• [EXERCISE BRIEF]: The result should be an exact copy of the data, free of pictures.

• [DATA BLOCK]:
┄┄┄┄┄┄┄┄┄┄

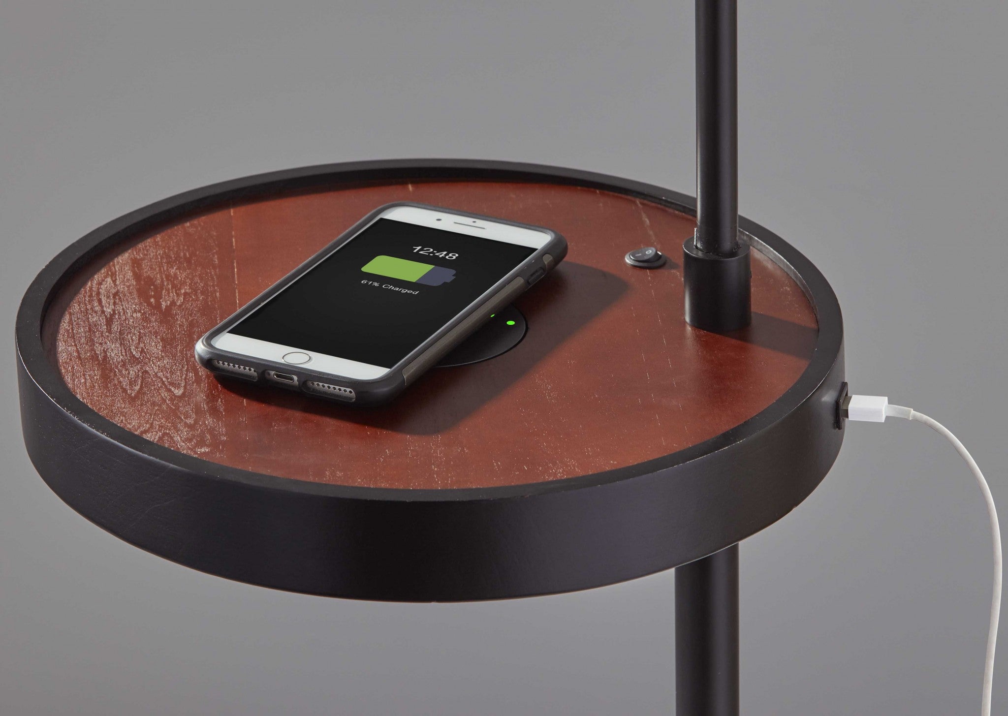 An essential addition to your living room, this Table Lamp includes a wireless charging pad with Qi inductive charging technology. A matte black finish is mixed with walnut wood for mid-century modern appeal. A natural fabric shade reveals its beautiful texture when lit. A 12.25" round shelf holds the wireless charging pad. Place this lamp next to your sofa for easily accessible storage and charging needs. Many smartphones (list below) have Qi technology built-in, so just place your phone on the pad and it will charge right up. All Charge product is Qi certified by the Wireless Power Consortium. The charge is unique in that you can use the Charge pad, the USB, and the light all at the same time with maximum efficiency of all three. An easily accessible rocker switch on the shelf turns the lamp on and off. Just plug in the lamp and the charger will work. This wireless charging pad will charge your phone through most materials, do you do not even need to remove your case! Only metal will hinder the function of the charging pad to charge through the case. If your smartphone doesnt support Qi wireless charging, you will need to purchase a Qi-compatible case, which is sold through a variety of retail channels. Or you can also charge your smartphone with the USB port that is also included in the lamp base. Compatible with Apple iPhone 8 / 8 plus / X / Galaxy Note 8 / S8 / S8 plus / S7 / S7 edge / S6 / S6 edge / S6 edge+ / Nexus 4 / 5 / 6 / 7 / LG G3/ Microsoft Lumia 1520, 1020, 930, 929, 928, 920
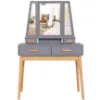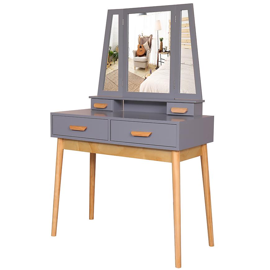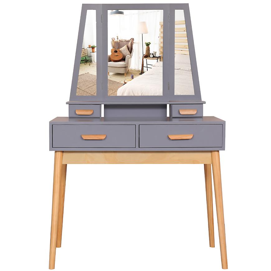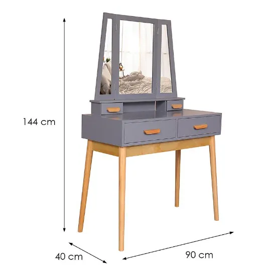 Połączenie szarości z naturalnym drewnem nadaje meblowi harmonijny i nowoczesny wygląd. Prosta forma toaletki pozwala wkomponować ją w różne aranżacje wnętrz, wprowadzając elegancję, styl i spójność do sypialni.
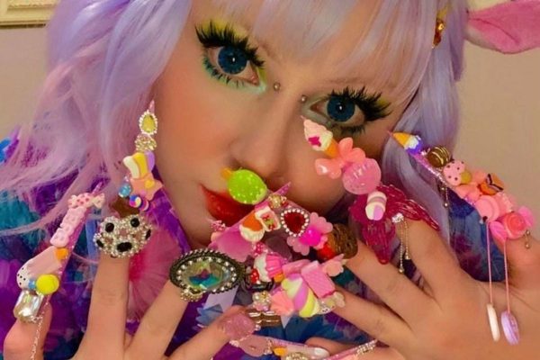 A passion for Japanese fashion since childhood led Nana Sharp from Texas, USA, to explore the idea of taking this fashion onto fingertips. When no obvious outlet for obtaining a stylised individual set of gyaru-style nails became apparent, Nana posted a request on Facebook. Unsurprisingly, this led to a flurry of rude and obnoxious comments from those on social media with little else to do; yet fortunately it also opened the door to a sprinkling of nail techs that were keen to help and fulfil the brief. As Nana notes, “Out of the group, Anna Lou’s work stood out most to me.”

┄┄┄┄┄┄┄┄┄┄

• [RESPONSE BOX]:
 An essential addition to your living room, this Table Lamp includes a wireless charging pad with Qi inductive charging technology. A matte black finish is mixed with walnut wood for mid-century modern appeal. A natural fabric shade reveals its beautiful texture when lit. A 12.25" round shelf holds the wireless charging pad. Place this lamp next to your sofa for easily accessible storage and charging needs. Many smartphones (list below) have Qi technology built-in, so just place your phone on the pad and it will charge right up. All Charge product is Qi certified by the Wireless Power Consortium. The charge is unique in that you can use the Charge pad, the USB, and the light all at the same time with maximum efficiency of all three. An easily accessible rocker switch on the shelf turns the lamp on and off. Just plug in the lamp and the charger will work. This wireless charging pad will charge your phone through most materials, do you do not even need to remove your case! Only metal will hinder the function of the charging pad to charge through the case. If your smartphone doesnt support Qi wireless charging, you will need to purchase a Qi-compatible case, which is sold through a variety of retail channels. Or you can also charge your smartphone with the USB port that is also included in the lamp base. Compatible with Apple iPhone 8 / 8 plus / X / Galaxy Note 8 / S8 / S8 plus / S7 / S7 edge / S6 / S6 edge / S6 edge+ / Nexus 4 / 5 / 6 / 7 / LG G3/ Microsoft Lumia 1520, 1020, 930, 929, 928, 920
 Połączenie szarości z naturalnym drewnem nadaje meblowi harmonijny i nowoczesny wygląd. Prosta forma toaletki pozwala wkomponować ją w różne aranżacje wnętrz, wprowadzając elegancję, styl i spójność do sypialni.
 A passion for Japanese fashion since childhood led Nana Sharp from Texas, USA, to explore the idea of taking this fashion onto fingertips. When no obvious outlet for obtaining a stylised individual set of gyaru-style nails became apparent, Nana posted a request on Facebook. Unsurprisingly, this led to a flurry of rude and obnoxious comments from those on social media with little else to do; yet fortunately it also opened the door to a sprinkling of nail techs that were keen to help and fulfil the brief. As Nana notes, “Out of the group, Anna Lou’s work stood out most to me.”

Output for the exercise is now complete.